Connaître les livres qu'une personne emporte dans son sac à dos lors d'un voyage est-il une bonne manière d'en savoir plus sur sa personnalité ? Ça dépend... Prenez Léandra. Son exemple est très concluant. Pour ce court séjour, elle n'a emporté qu'un seul ouvrage, un assez gros livre de poche regroupant les centaines de lettres que Simone de Beauvoir a envoyées pendant près de vingt ans à Nelson Algren, son grand amour transatlantique1. Si j'ai bien compris, Léandra se sent particulièrement en phase avec ce qui est exprimé dans cette correspondance. Elle y retrouve de nombreux points communs avec son propre monde ; ce même entêtement, cette même façon de se lancer corps et âme dans ce qui est important, primordial, voire « sacré » (du moins à ses yeux) dans une vie — l'amour, l'affection, l'implication des proches, ce genre de choses... — et de ressentir une cruelle et intolérable douleur quand un de ces points considérés comme essentiels vient à manquer. Un court extrait issu de ce recueil de lettres, posté récemment par Léandra sur Facebook, permet de se faire une idée :

« En fait je prends certaines choses au sérieux, très au sérieux : l'amour, par exemple, la haine, l'amitié, la mort, quelques bons livres, quelques beaux tableaux, la vilenie de certains hommes, la générosité de certains autres, et le mal qu'on fait aux gens. Oui, prendre certaines choses au sérieux relativise l'importance des autres. Ma propre vie me paraît essentielle, puisque je n'en aurai aucune autre sur cette terre ; pourtant, je sais que je mourrai et donc elle n'est pas si importante, du moins c'est un point de vue répandu. Mais tant que je vis je peux me passionner, vous le savez, et prendre un petit nombre de choses vraiment à cœur. Et vous ? J'ai cru comprendre que vous me ressembliez. »

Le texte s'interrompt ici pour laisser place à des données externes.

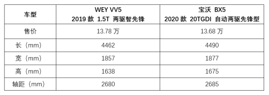 而从表格更可以看出了,BX5在尺寸上比起VV5有着绝对优势。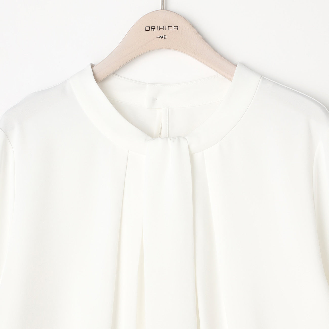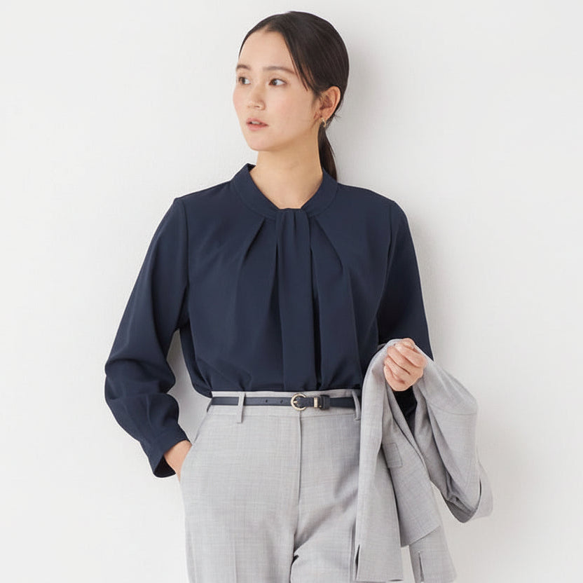 Bowtie style blouse with tuck design for an elegant look.

Dans le Thalys qui nous emmène à Paris, je feuillette cette épaisse correspondance et constate que « même dans de simples lettres d'amour, elle garde un beau style ». Mais Léandra m'explique que ces lettres ont toutes été rédigées en anglais, ce couillon de Nelson Algren n'étant pas capable de comprendre le français, et que par conséquent le vocabulaire de la romancière est beaucoup plus limité et son style moins fluide que d'habitude. (En anglais, j'aimerais tout de même avoir un phrasé aussi « limité » et aussi « peu fluide » que le sien.)

H & H

De mon côté, j'ai emporté deux livres. Le premier n'est autre que le deuxième tome de la saga Harry Potter de J. K. Rowling2, qu'on ne peut pas vraiment considérer comme reflétant ma personnalité profonde — pour autant qu'une telle chose existe. (Les mots sont dangereux : je peux parler de « personnalité profonde » comme si de rien n'était, alors que le terme ne renvoie à rien de vécu, ni de « localisé ».)

Ayant contre toute attente bien aimé les films (le troisième surtout) mettant en scène l'horripilant et légèrement neuneu petit magicien à lunettes, je m'étais mis en tête de lire les romans qui, du moins si j'en crois les quelques aficionados consultés, sont plus intéressants et plus complets que leur adaptation cinématographique. J'ai donc dernièrement acheté les trois premiers tomes de la série, mais j'ai été très déçu à la lecture du tout premier, Harry Potter à l'école des sorciers3. À tel point que j'ai dû m'armer de courage pour le terminer ! Heureusement, ce genre de littérature se lit très vite, un peu comme un roman d'Agatha Christie (mais je préfère tout de même de loin les écrits de cette dernière). Aucune surprise, aucun point saillant dans l'action ; un style plat, répétitif... Sujet, verbe, compléments ; sujet, verbe, compléments... — Dans le Thalys, un constat pour le moins paradoxal m'est venu à l'esprit : Simone de Beauvoir écrivait mieux dans une langue qu'elle ne maîtrisait pas que J. K. Rowling dans sa langue maternelle. (Léandra me dirait peut-être : « Rien d'étonnant, c'est Simone de Beauvoir. C'est une vraie romancière. » Ou peut-être ne dirait-elle pas du tout ça. Je n'en sais rien. Pour tout dire, je ne lui ai pas posé la question.)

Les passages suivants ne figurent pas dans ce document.